Clause 135(5) of the bill sets out a CSR requirement that applies to every company with a net worth of more than INR 500 crore ($73.3 million), a turnover of INR 1,000 crore or a net profit of 5 crore. It requires the board, in each financial year, to ‘make every endeavor’ to ensure the company spends at least two percent of its net profits made during the three years prior.

However, it’s not clear whether the CSR spending requirement is mandatory or discretionary. Though companies will not be punished for not setting aside the required capital for CSR, they will be required to disclose their reason for non-participation in their annual reports. Sampath also noted that the bill does not define CSR.

Restrictions on investment subsidiaries

Another concern involves restrictions on layering of corporate subsidiaries, forcing companies to become more transparent about their structuring. Clause 186 states that companies will not be permitted to make investments through more than two layers of investment companies.

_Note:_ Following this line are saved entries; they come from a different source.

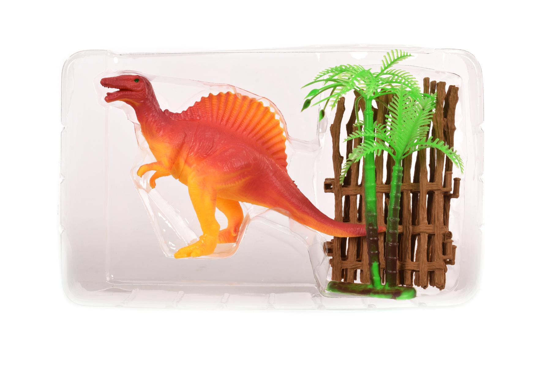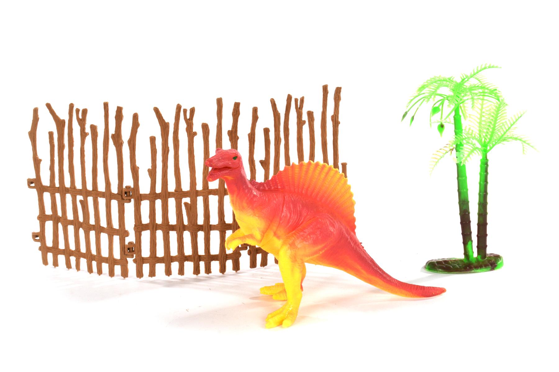 Набор включает в себя фигурку динозавра спинозавра, две пластиковые пальмы и имитацию забора. Упаковка – пакет с хедером, размер упаковки: 26*21,5*5 см. Материал – ПВХ.
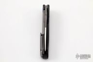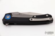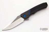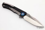 This V.2 Wraith Prototype by Heretic Knives features a hand ground belt satin finished clip point blade with false top edge and notched thumbrest and flipper. The handle has a carbon fiber bolster, integral black aluminum handle with a tip up stainless steel clip with ceramic ball, lanyard hole at the butt, blue titanium hardware. Comes with original box, COA dated 11/19 and draw string bag. S/N 013. Excellent condition.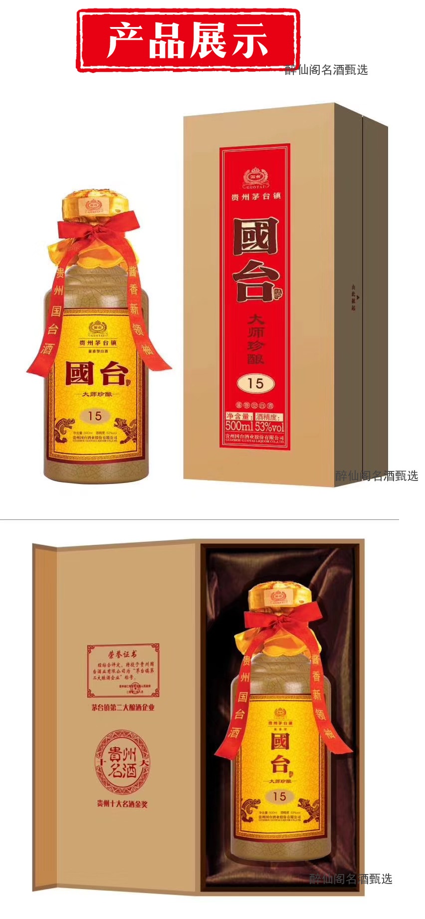 国台酒国台大师珍酿15酱香型53度500ml*1瓶口粮酒白酒_历史最低价格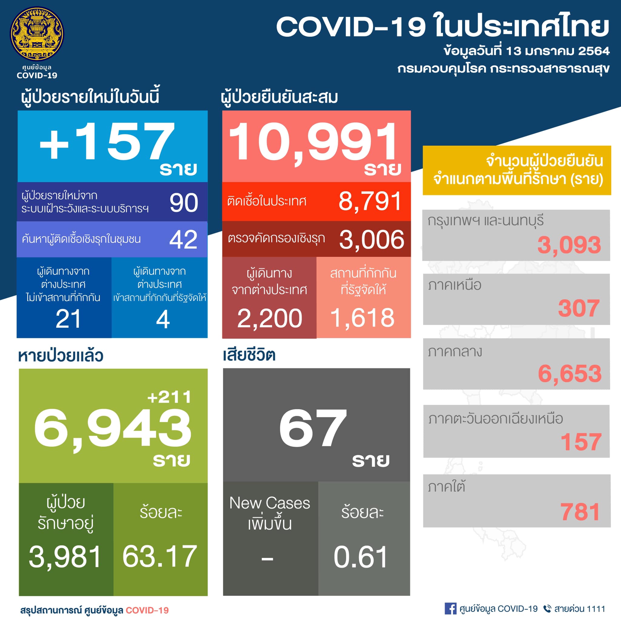 นายแพทย์ทวีศิลป์ วิษณุโยธิน โฆษกศูนย์บริหารสถานการณ์การแพร่ระบาดของโรคติดเชื้อไวรัสโคโรนา 2019 ? (ศบค.) เปิดเผยว่า สถานการณ์การติดเชื้อโควิด-19 ในวันนี้ (13 ม.ค.64 ) พบผู้ป่วยรายใหม่ 157 คน เป็นการติดเชื้อในประเทศ 132 คน ซึ่งมาจากระบบเฝ้าระวังและระบบบริการ 90 คน และการค้นหาเชิงรุกในชุมชน 42 คน ผู้เดินทางจากต่างประเทศไม่เข้าสถานกักกันของรัฐ 21 คน และผู้เดินทางจากต่างประเทศและเข้าสถานที่กักกันที่รัฐจัดให้ 4 คน ไม่มีเสียชีวิตเพิ่ม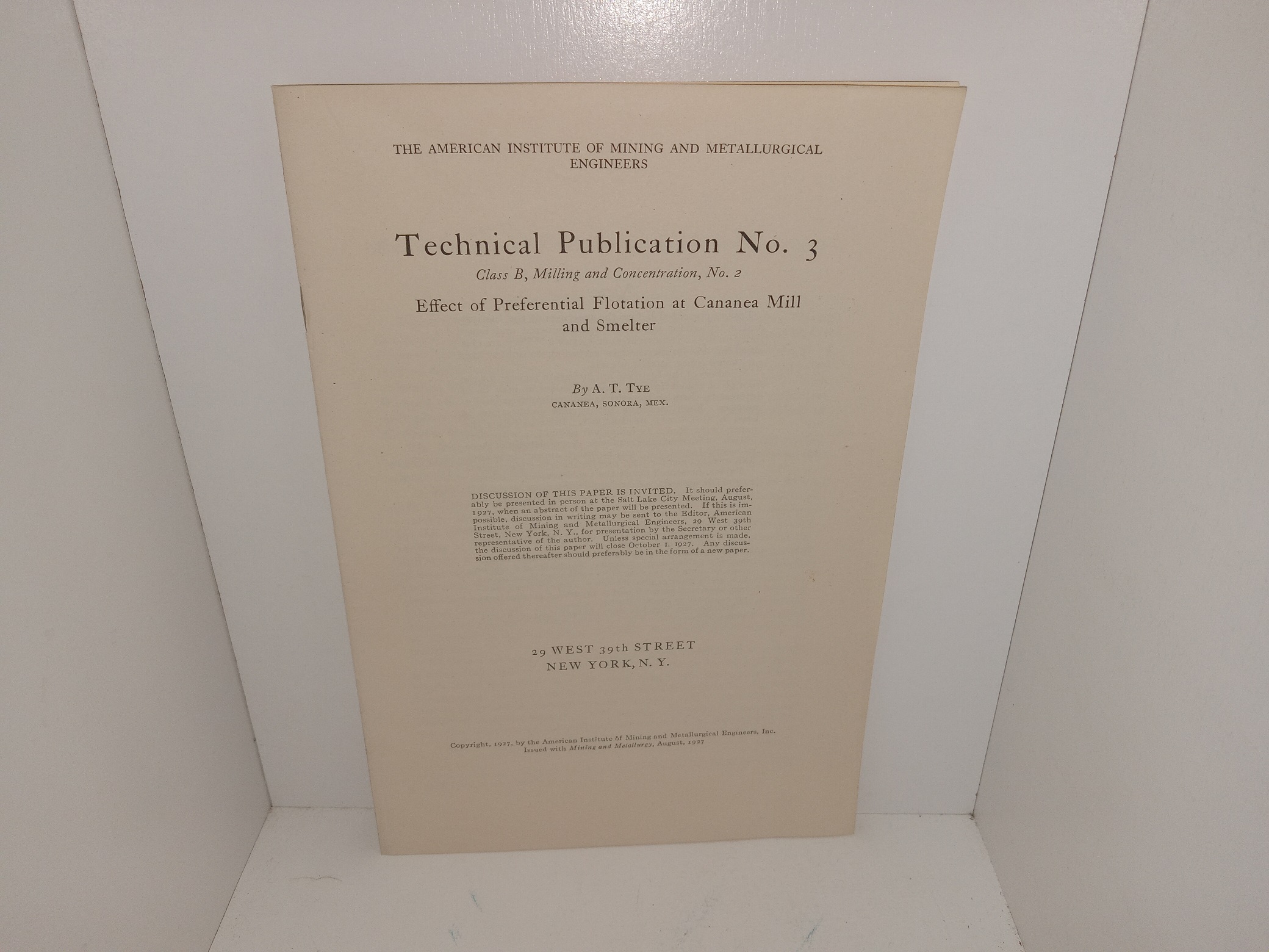 The American Institute of Mining and Metallurgical Engineers Technical Publication No. 3: Class B, Milling and Concentration, No. 2: Effect of Preferential Flotation at Cananea Mill and Smelter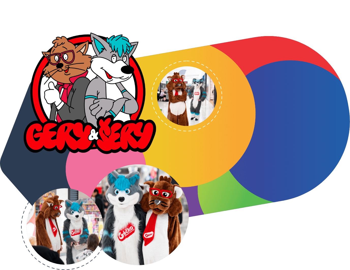 Jsme maskoti nákupního centra. Kocour GERY a pes husky ŠERY! Můžete se s námi potkat na akcích, které pro Vás Géčko připravuje. Dostanete od nás vždy drobný dáreček, a můžeme se společně i vyfotit. Nebojte se nás, jsme moc hodní a přítulní.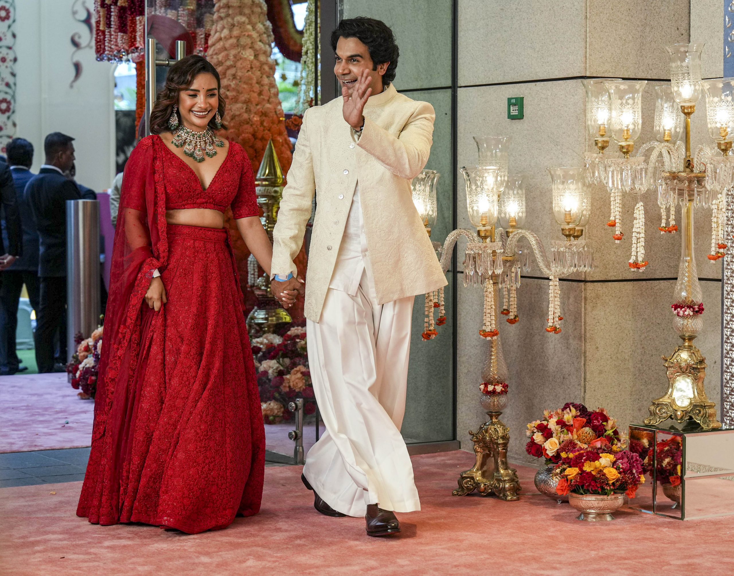 बॉलीवुड अभिनेता राजकुमार राव और पत्रलेखा मुंबई के जियो वर्ल्ड कन्वेंशन सेंटर में अनंत अंबानी और राधिका मर्चेंट की शादी के लिए पहुंचे.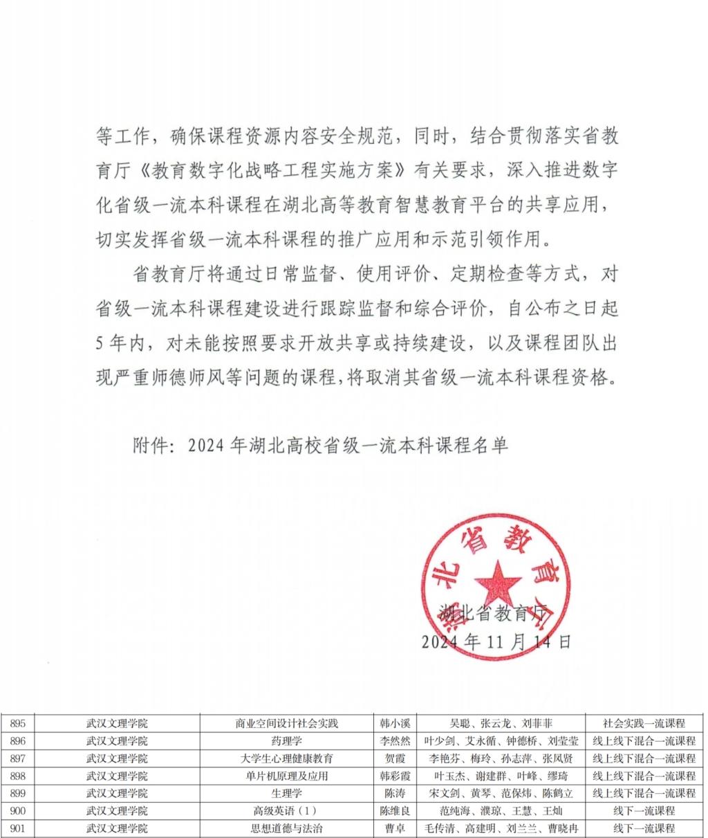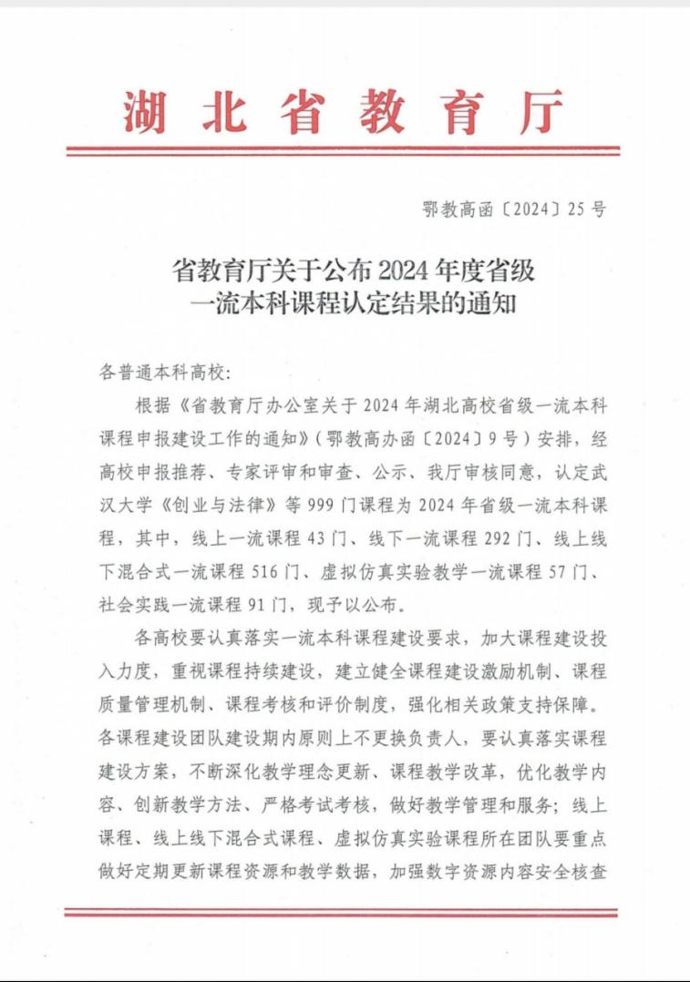 根据《省教育厅办公室关于2024年湖北高校省级一流本科课程申报建设工作的通知》(鄂教高办函〔2024〕9号)安排,经高校申报推荐、专家评审和审查、公示、我厅审核同意,认定武汉大学《创业与法律》等999门课程为2024年省级一流本科课程,其中,线上一流课程43门、线下一流课程292门、线上线下混合式一流课程516门、虚拟仿真实验教学一流课程57门、社会实践一流课程91门,现予以公布。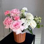 Маттиола - 2 шт. Хризантема кустовая - 1 шт. Диантус - 4 шт. розы - 5 шт.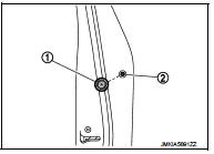 4. Remove grommet (1) of door side. Loosen, through grommet hole, TORX bolt (2) that fixes door lock cylinder. (For passenger side, TORX bolt fixes outside handle escutcheon.)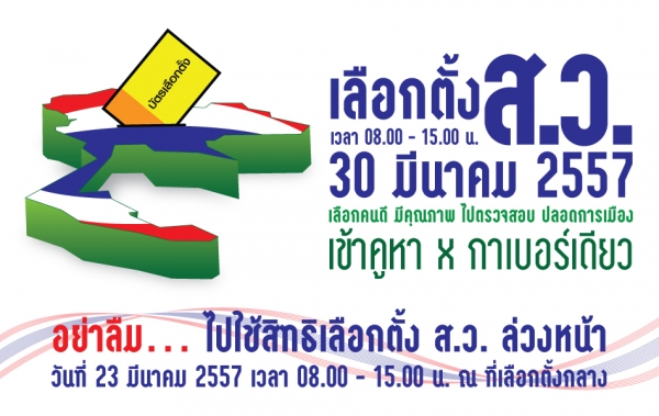สำนักคณะกรรมการการเลือกตั้ง กำหนดให้มีการเลือกตั้งสมาชิกวุฒิสภา หรือ ส.ว. เป็นการทั่่วไป ในวันที่ 30 มีนาคม 2557 ตั้งแต่เวลา 08.00 - 15.00 น. ณ หน่วยเลือกตั้งที่ท่านมีรายชื่ออยู่ และกำหนดให้การเลือกตั้งล่วงหน้านอกเขตจังหวัด ในวันที่ 23 มีนาคม 2557 กกต. จ.กาญจนบุรี ประกาศกำหนดสถานที่เลือกตั้งล่วงหน้า ณ ศาลา 60 พรรษามหาราชินี (โรงยิม) อ.เมืองกาญจนบุรี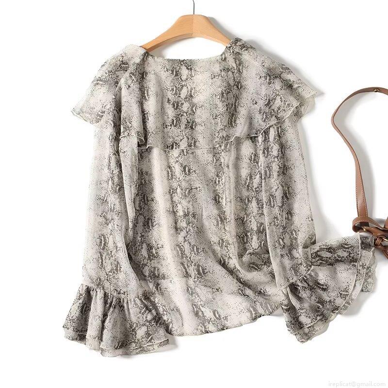 • Women's Snake Skin Print Chiffon Blouse Elegant V Neck Ruffle Long Sleeve Shirt Lightweight Loose Casual Tops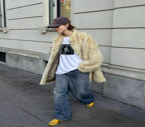 下裝簡單配條牛仔褲,就可以快速搞定“黃藍配”。 ▼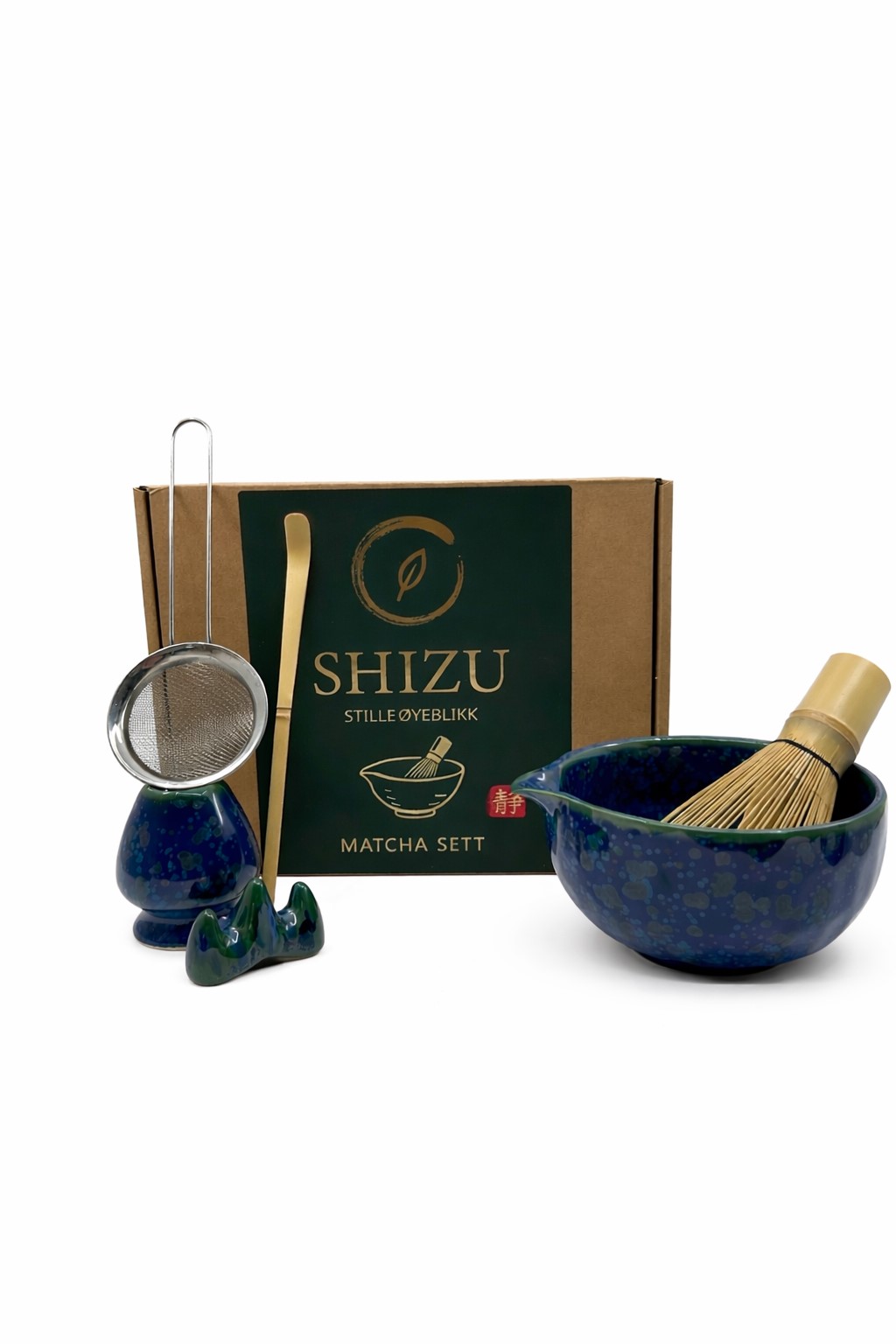 Inneholder matcha-bolle (chawan), matcha-visp (chasen), matcha-skje (chashaku), sil, samt holdere til visp og skje.
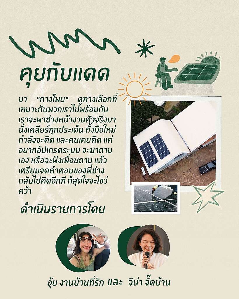 ถ้าคุณเคยคิดว่า “ค่าไฟแพงขึ้นอีกแล้วเหรอ…” “โซลาร์มันติดยังไงนะ” “การใช้พลังงานของโลกเรามันจะไปทางไหนกันแน่” หรือแค่อยากใช้เวลากับคนที่คุณรัก มีแสงแดด มีลม มีกลิ่นหอม มีดนตรี มีของเล่น เราอยากชวนมางานนี้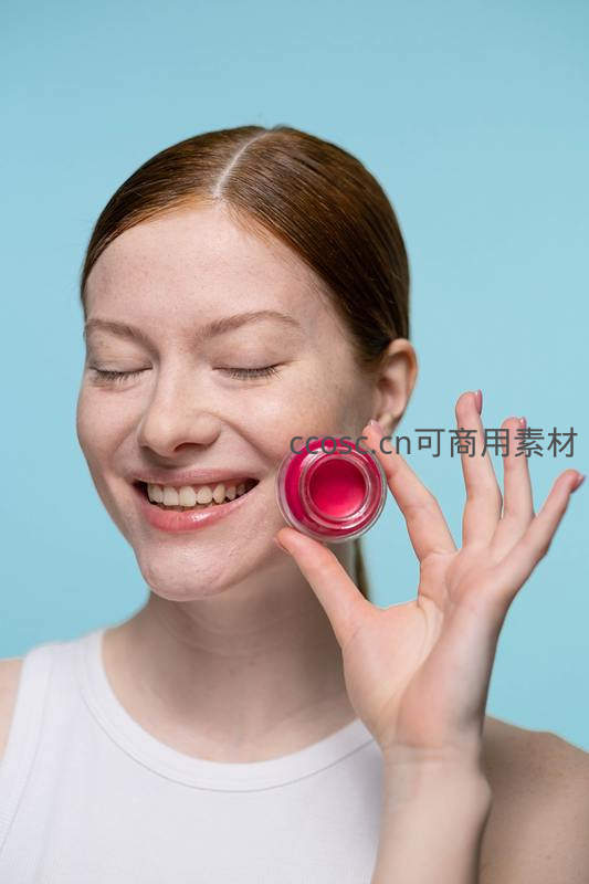 一位年轻女性面带灿烂微笑,闭眼享受护肤时刻,手中轻握一支粉色润唇膏,背景纯净浅蓝,整体氛围清新自然,传达愉悦与自信的美丽理念。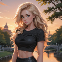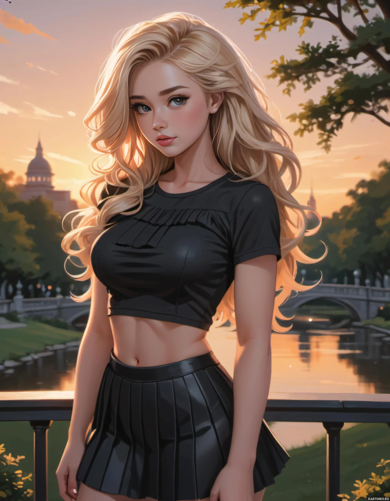 На картинке изображена женщина с длинными светлыми волосами. На ней чёрный кожаный топ и юбка, а также высокие чёрные ботинки. Макияж включает чёткие брови, выразительные скулы и нежный оттенок губ. Она уверенно стоит на фоне вечернего неба, за которым видны подсвеченные здания и деревья. Стиль картинки говорит о том, что это может быть концепт-арт или промо-материал для игры или подобного медиапроекта.
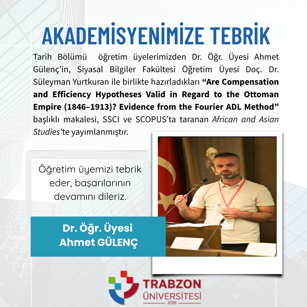 Fakültemiz Tarih Bölümü öğretim üyelerinden Dr. Öğr. Üyesi Ahmet Gülenç’in, Siyasal Bilgiler Fakültesi Öğretim Üyesi Doç. Dr. Süleyman Yurtkuran ile birlikte hazırladıkları “Are Compensation and Efficiency Hypotheses Valid in Regard to the Ottoman Empire (1846–1913)? Evidence from the Fourier ADL Method” başlıklı makalesi, SSCI ve SCOPUS’ta taranan African and Asian Studies’te yayımlanmıştır.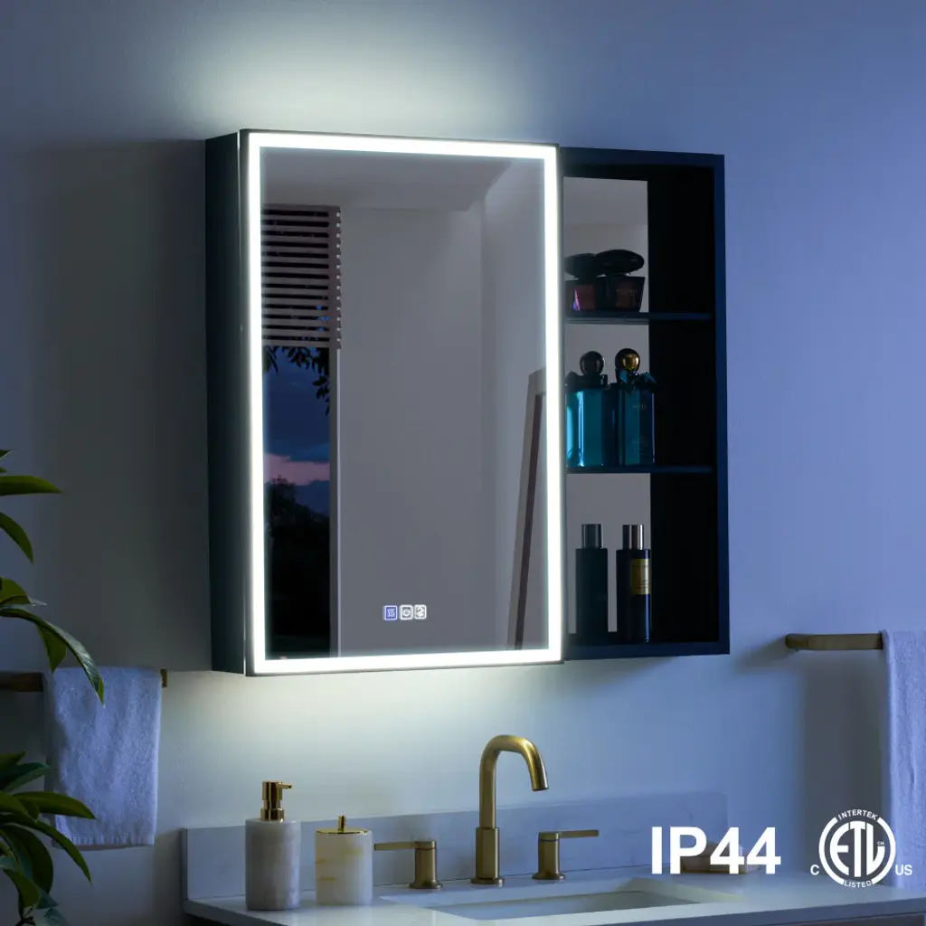 Luminosity, a Contemporary style, back lit LED mirror, dimmable from 3000K-6000K. The colors for the color temperatures are Warm White, Day Light White and Cool White. This frameless mirror is 3600 Lumens, and features a touch screen power button, with seedy, rectangle-shaped glass. This mirror adds a breath-taking brilliance that will compliment your bathroom/home decor, and is designed using an Environmental Silver Plated mirror. UL Listed and Dry/Damp listed, recommended for an indoor setting. Mirror comes as a plug-in but is capable to be hardwired to the wall (recommended for an electrician to install the mirror to be hardwired). Dimmable button automatically turns off after 30 minutes of use. This mirror has approximately 5000 lifetime hours and hangs vertically.

It is believed the provision was instigated by issues encountered during the so-called Satyam scandal of 2009, when the company’s chair confessed Satyam’s accounts had been falsified.

However the provision also directly targets Mauritius-based companies. According to a Reuters report, 39.5% of India’s total foreign direct investment between April 2000 and February 2012 was routed through Mauritius. This year India considered reviewing its bilateral tax treaty with Mauritius after reports that the country loses $600 million in revenue each year from Mauritius-based companies.

Dr Paritosh Ch Basu, group controller for Essar Group, stated his personal views: “I personally believe that, if structuring is done on a transparent basis in order to add value for shareholders, there is nothing wrong. However, if the layering is to make companies as remote as possible and tracing of transactions becomes difficult, the government needs to issue certain guidelines.”

It is unclear whether the rule will apply retroactively, and if so, what the time frame will be for compliance. However, Sampath said that restrictions on the number of downstream investments should not be a deterrent, though in an ideal world one would have liked more flexibility for structuring.

Though this requirement will undoubtedly irritate foreign investors who are accustomed to structuring as they wish, it will also apply to Indian corporates looking to invest abroad.

Urgency

There are other smaller issues raised by the bill, such as contradictions with other laws governing boards. Sampath said it is important to ensure that laws are in sync with each other, but that some details should be left until after the Companies Act is legislated.

Dr Basu said that, in his personal view, the bill must be passed. “After implementation of the new bill, if difficulties are faced and if genuine amendments are needed, they can be added when necessary,” he said. “But as of now, the bill should be passed as an act, because the first step towards solving problems is to begin with actions.”

Though the bill’s drafting is generally clear, there are fears the lack of clarity on key points may result in litigation and parliamentary gridlock that generates uncertainty long after its passage.